Sprint to rollout LTE Advanced to Chicago area

Sprint plans to add more than 540 jobs and 115 stores in the Chicago area along with its first LTE-Advanced upgrade in the nation. LTE Advanced has the potential of delivering 100 Mbps wireless download speeds.

The impact on the city of Chicago proper will be 300 new jobs by the end of 2015. Sprint will also install hundreds of new cellular sites in the city at an expected cost of $45 million by the end of 2016, Sprint said in a statement.

LTE Advanced has become more common around the globe in the past year and is being used in more than 30 countries, including the U.S., according to the Global Mobile Suppliers Association. In some countries, LTE Advanced offers wireless download data speeds of up to 300 Mbps -- potentially 30 times faster than basic LTE, which has download speeds of 10Mbps to 20Mbps.

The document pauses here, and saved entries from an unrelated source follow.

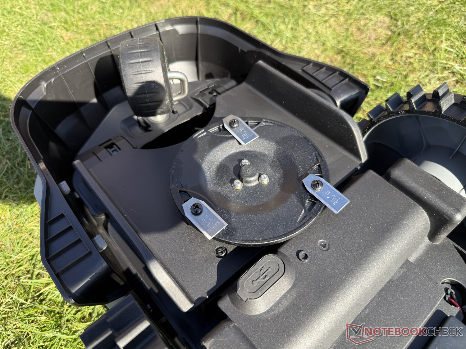 Underhållet är lika enkelt. Sunseeker V1 kan rengöras med en trädgårdsslang. För att byta de tre knivarna krävs en skruvmejsel.
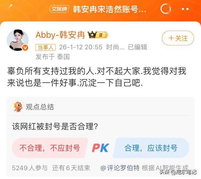 本以为账号被封之后她会低调一阵的时候,韩安冉在微博发文,先是道歉说辜负了支持她的人,然后话锋一转,觉得自己被封也是一件好事,能沉淀一下。
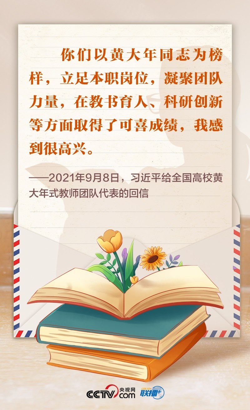 2021年,首批黃大年式教師團(tuán)隊(duì)的代表給總書記寫信,匯報(bào)教學(xué)、科研等工作情況,表達(dá)了堅(jiān)守教育報(bào)國(guó)理想、為民族復(fù)興貢獻(xiàn)力量的決心。總書記回信肯定了大家的工作成效,勉勵(lì)大家繼續(xù)學(xué)習(xí)弘揚(yáng)黃大年同志等優(yōu)秀教師的高尚精神,立德修身,潛心治學(xué),開(kāi)拓創(chuàng)新,真正把為學(xué)、為事、為人統(tǒng)一起來(lái),當(dāng)好學(xué)生成長(zhǎng)的引路人。
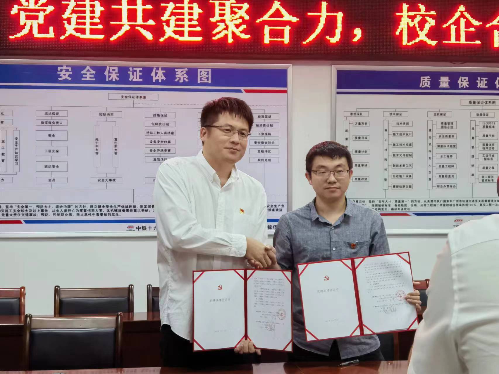 会上,中铁建十九局广州公司第二项目管理部万顷沙项目党支部与必赢贵宾会3003am本科生第一党支部签订了党建共建协议,共同推进企业双方在党建工作研讨、校企深度合作、人才培养等方面创新发展、共建共赢。
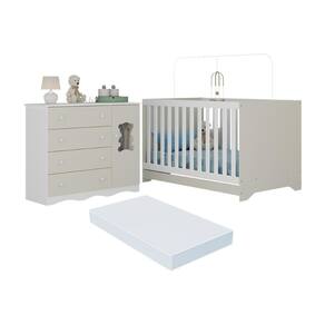 Diferenciais: - 3 anos de garantia contra defeitos de fabricação e material (exceto colchão). - Conjunto produzido em madeira de reflorestamento (MDP 12/15mm) com acabamento acetinado (cerca de 20% de brilho): sustentabilidade e durabilidade. - Berço americano 3 em 1 que se transforma em sofá e minicama, acompanhando o crescimento do bebê. Grade Soft (PVC): ecologicamente correta, com matéria-prima livre de metais pesados, atóxica e com proteção antiamarelamento. - Lastro em madeira com 3 regulagens de altura e suporte para mosquiteiro para noites mais tranquilas e protegidas. - Berço certificado pelo INMETRO (Selo n 000085/2018). - Colchão D18 incluso: possui tratamento antiácaro, antialérgico, antimofo e um dos lados impermeável. - Cômoda com 1 porta, 4 gavetas (frontais em MDF) e rodapé usinado: amplo espaço interno e elegância. - Sistema antitombamento na cômoda: proporciona segurança para o bebê e tranquilidade aos pais. - Porta com detalhe de vidro incolor temperado (3mm): toque charmoso que permite visualizar o interior do móvel. - Corrediças telescópicas: abertura total e silenciosa das gavetas. - Cabideiro de alumínio: permite acomodar as roupinhas para que não amassem. - Puxadores em ABS delicados e práticos.

LTE Advanced uses different technologies to enhance speeds, but the earliest approach uses carrier aggregation. That lets operators treat two or three radio channels in different frequency bands as if they were one to send data at higher speeds.

AT&T has upgraded its network in several cities to LTE Advanced, including Chicago.

Sprint has the potential to reach 100 Mbps in the Chicago upgrade by using channel aggregation, as well as MIMO (Multiple Input, Multiple Output) antennas and 8T8R (eight transmitters, eight receivers on a single radio), according to a spokeswoman.

8T8R radios have eight receiver pathways instead of just two, which increases the range of a cell signal and reduces the number of cell sites needed. Sprint will use them on the 2.5GHz band.

New technology from companies such as Alcatel-Lucent, Qualcomm and Intel has made the expansion of LTE Advanced possible.

Sprint said faster speeds will support video and other bandwidth-rich apps such as online games, virtual reality and cloud services.

In Chicago, new cell towers and cellular equipment placed on buildings and other structures will include areas around the Rush University Medical Center and along Chicago Transit Authority subway routes as well as the area surrounding Garfield Park on Chicago's West Side.

Chicago and its suburbs have about 10 million people, the third largest metro area in the nation.

Chicago Mayor Rahm Emanuel praised the Sprint investment as supporting the city's economic growth. In addition to the $45 million network infrastructure investment, Sprint donated $250,000 to a Connect Chicago Challenge, formerly called the Broadband Challenge when announced in 2012. Part of its focus is on public access in neighborhoods in the city.

Like many large U.S. cities, Chicago faces a version of the digital divide, where Internet service is not widely used in poorer neighborhoods, even with the proliferation of wireless phones.

Sprint has also created a Chicago-focused team with a general manager to improve customer service, collaborate with community groups and simplify the purchasing experience for local wireless customers.

Wireless usage by Sprint customers has increased in Chicago by 640% since 2012 and Sprint has invested more than $548 million over that period, the company said.

Sprint CEO Marcelo Claure called Chicago the perfect city for a Sprint expansion, calling it "diverse, innovative and on the path to becoming a world-class technology leader."